▶ EXERCISE GOAL: Once you find the line with "An interactive installation" in the entries below, return exactly every line from it through the line with "2조 원가량 쏟아집니다.".

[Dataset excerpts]
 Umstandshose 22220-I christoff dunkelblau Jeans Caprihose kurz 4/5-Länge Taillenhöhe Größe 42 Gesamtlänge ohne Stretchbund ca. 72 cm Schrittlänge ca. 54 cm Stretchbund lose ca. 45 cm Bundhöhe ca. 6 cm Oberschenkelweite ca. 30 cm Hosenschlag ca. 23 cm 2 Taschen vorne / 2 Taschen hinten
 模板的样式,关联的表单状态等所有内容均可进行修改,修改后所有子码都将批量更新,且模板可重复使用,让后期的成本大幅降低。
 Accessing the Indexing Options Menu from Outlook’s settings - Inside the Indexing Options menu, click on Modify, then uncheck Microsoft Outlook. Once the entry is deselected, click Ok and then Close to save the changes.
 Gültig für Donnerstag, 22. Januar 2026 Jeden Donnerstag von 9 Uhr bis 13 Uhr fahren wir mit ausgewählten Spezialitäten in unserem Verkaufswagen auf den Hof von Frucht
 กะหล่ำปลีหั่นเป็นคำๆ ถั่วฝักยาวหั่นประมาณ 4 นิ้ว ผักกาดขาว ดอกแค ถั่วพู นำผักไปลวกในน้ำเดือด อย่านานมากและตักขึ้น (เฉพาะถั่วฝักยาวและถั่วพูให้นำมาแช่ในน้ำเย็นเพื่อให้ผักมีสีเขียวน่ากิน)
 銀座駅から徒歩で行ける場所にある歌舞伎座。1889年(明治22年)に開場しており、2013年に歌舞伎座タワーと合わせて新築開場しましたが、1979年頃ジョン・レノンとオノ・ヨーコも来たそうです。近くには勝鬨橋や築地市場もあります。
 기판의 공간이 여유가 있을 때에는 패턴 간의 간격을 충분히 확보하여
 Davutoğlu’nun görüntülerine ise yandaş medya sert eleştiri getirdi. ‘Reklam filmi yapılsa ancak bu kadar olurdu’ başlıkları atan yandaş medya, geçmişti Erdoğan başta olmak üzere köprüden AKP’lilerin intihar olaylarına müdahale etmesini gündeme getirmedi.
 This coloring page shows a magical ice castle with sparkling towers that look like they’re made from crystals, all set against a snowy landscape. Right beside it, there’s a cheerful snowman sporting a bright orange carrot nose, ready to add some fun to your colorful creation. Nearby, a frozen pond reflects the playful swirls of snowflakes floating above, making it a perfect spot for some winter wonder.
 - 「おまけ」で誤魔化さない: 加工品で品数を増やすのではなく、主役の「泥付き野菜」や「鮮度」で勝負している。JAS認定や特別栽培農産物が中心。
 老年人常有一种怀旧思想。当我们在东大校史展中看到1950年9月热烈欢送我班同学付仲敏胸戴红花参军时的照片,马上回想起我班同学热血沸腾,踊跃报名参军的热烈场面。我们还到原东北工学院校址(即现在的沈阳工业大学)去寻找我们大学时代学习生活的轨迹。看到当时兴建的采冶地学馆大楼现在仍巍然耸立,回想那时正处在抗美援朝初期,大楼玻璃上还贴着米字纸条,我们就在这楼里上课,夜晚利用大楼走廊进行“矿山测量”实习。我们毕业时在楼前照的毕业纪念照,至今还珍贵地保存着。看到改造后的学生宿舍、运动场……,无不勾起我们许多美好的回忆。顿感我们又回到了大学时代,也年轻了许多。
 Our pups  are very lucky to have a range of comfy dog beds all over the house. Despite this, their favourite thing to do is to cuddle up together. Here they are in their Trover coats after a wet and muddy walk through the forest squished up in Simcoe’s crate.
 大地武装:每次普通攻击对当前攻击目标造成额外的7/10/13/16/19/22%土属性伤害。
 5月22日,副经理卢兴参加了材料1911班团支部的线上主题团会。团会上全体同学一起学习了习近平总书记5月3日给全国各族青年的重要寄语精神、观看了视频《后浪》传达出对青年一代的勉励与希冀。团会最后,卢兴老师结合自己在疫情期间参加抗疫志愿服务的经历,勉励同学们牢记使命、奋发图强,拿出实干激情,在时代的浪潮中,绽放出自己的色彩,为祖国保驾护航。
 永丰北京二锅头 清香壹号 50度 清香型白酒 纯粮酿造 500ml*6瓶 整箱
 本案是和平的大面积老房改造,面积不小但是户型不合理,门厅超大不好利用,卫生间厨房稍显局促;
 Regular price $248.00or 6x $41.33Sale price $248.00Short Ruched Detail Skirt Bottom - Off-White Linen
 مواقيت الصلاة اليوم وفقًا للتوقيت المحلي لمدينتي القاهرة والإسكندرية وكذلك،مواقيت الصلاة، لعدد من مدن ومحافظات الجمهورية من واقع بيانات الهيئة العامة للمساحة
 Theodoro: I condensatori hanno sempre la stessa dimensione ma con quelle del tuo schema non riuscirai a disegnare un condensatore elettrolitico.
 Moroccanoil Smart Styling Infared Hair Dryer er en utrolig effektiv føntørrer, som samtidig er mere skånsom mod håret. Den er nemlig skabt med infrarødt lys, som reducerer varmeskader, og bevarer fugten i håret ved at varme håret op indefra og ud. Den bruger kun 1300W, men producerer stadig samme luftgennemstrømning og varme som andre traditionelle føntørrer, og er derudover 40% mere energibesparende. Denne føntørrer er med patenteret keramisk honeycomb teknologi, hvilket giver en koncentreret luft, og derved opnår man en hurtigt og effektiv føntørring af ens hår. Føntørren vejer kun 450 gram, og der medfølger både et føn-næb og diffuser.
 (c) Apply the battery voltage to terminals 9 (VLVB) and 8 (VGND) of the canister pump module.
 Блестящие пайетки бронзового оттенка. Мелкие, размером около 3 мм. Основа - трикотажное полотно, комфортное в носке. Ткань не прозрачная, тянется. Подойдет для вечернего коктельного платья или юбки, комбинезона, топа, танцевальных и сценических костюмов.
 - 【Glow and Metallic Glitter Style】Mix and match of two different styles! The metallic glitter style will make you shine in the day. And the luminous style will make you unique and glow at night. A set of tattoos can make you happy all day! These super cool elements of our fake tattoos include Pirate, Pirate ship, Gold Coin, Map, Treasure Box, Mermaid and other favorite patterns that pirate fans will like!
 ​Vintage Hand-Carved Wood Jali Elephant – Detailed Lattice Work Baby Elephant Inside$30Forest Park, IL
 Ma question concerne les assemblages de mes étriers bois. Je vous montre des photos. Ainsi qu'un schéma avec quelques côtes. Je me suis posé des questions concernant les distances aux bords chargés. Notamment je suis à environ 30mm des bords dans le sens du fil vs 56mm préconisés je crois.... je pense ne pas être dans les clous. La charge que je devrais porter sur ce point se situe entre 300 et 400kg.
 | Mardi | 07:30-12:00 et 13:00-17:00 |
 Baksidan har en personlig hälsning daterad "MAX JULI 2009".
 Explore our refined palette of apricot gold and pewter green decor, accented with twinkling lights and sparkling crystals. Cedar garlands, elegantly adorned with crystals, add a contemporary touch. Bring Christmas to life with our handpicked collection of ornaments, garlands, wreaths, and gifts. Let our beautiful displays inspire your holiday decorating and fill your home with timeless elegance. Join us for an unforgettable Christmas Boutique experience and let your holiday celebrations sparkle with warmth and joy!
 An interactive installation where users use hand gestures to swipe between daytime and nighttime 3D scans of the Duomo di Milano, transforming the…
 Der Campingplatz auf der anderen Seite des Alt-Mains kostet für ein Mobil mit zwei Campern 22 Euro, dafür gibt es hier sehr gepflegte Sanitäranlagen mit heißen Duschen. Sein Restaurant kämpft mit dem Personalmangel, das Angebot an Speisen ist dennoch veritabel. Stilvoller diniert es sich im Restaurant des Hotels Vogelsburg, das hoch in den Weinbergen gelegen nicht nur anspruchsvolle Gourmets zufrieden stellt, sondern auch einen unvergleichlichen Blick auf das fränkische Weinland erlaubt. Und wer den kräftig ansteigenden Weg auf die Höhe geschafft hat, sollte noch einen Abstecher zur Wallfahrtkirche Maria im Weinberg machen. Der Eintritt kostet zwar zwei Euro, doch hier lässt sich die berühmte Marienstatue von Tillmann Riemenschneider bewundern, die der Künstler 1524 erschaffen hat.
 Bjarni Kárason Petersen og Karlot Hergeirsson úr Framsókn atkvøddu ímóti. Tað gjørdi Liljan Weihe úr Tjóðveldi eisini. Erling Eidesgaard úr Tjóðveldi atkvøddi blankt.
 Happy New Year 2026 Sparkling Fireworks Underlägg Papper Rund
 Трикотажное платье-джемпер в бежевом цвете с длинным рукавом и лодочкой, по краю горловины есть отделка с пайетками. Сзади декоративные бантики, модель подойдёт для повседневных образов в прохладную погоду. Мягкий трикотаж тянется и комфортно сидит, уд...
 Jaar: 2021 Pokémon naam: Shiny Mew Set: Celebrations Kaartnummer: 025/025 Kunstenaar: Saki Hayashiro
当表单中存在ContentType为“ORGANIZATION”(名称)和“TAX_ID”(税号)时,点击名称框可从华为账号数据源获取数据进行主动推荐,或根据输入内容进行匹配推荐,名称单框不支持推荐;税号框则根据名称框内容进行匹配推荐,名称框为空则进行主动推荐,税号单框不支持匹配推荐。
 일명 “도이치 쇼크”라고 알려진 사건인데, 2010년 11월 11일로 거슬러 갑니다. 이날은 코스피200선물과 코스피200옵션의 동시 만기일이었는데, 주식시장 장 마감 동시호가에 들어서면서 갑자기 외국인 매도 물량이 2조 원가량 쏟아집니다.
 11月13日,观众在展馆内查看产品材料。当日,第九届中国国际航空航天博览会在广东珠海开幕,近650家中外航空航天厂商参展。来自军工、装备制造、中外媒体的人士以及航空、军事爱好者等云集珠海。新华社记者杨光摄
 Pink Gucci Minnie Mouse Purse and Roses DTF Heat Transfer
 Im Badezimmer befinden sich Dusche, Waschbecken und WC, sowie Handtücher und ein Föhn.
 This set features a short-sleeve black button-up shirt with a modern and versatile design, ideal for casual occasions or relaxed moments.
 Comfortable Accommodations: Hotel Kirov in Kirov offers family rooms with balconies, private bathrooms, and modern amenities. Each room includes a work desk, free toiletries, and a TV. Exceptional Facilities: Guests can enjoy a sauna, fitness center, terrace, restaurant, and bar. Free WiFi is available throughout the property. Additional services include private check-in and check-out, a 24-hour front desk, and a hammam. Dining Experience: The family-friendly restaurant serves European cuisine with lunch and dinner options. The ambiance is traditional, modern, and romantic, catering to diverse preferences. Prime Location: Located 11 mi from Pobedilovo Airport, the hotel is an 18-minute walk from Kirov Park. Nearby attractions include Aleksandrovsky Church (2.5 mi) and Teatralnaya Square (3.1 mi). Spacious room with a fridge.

▶ SOLUTION TO THE EXERCISE:
 An interactive installation where users use hand gestures to swipe between daytime and nighttime 3D scans of the Duomo di Milano, transforming the…
 Der Campingplatz auf der anderen Seite des Alt-Mains kostet für ein Mobil mit zwei Campern 22 Euro, dafür gibt es hier sehr gepflegte Sanitäranlagen mit heißen Duschen. Sein Restaurant kämpft mit dem Personalmangel, das Angebot an Speisen ist dennoch veritabel. Stilvoller diniert es sich im Restaurant des Hotels Vogelsburg, das hoch in den Weinbergen gelegen nicht nur anspruchsvolle Gourmets zufrieden stellt, sondern auch einen unvergleichlichen Blick auf das fränkische Weinland erlaubt. Und wer den kräftig ansteigenden Weg auf die Höhe geschafft hat, sollte noch einen Abstecher zur Wallfahrtkirche Maria im Weinberg machen. Der Eintritt kostet zwar zwei Euro, doch hier lässt sich die berühmte Marienstatue von Tillmann Riemenschneider bewundern, die der Künstler 1524 erschaffen hat.
 Bjarni Kárason Petersen og Karlot Hergeirsson úr Framsókn atkvøddu ímóti. Tað gjørdi Liljan Weihe úr Tjóðveldi eisini. Erling Eidesgaard úr Tjóðveldi atkvøddi blankt.
 Happy New Year 2026 Sparkling Fireworks Underlägg Papper Rund
 Трикотажное платье-джемпер в бежевом цвете с длинным рукавом и лодочкой, по краю горловины есть отделка с пайетками. Сзади декоративные бантики, модель подойдёт для повседневных образов в прохладную погоду. Мягкий трикотаж тянется и комфортно сидит, уд...
 Jaar: 2021 Pokémon naam: Shiny Mew Set: Celebrations Kaartnummer: 025/025 Kunstenaar: Saki Hayashiro
当表单中存在ContentType为“ORGANIZATION”(名称)和“TAX_ID”(税号)时,点击名称框可从华为账号数据源获取数据进行主动推荐,或根据输入内容进行匹配推荐,名称单框不支持推荐;税号框则根据名称框内容进行匹配推荐,名称框为空则进行主动推荐,税号单框不支持匹配推荐。
 일명 “도이치 쇼크”라고 알려진 사건인데, 2010년 11월 11일로 거슬러 갑니다. 이날은 코스피200선물과 코스피200옵션의 동시 만기일이었는데, 주식시장 장 마감 동시호가에 들어서면서 갑자기 외국인 매도 물량이 2조 원가량 쏟아집니다.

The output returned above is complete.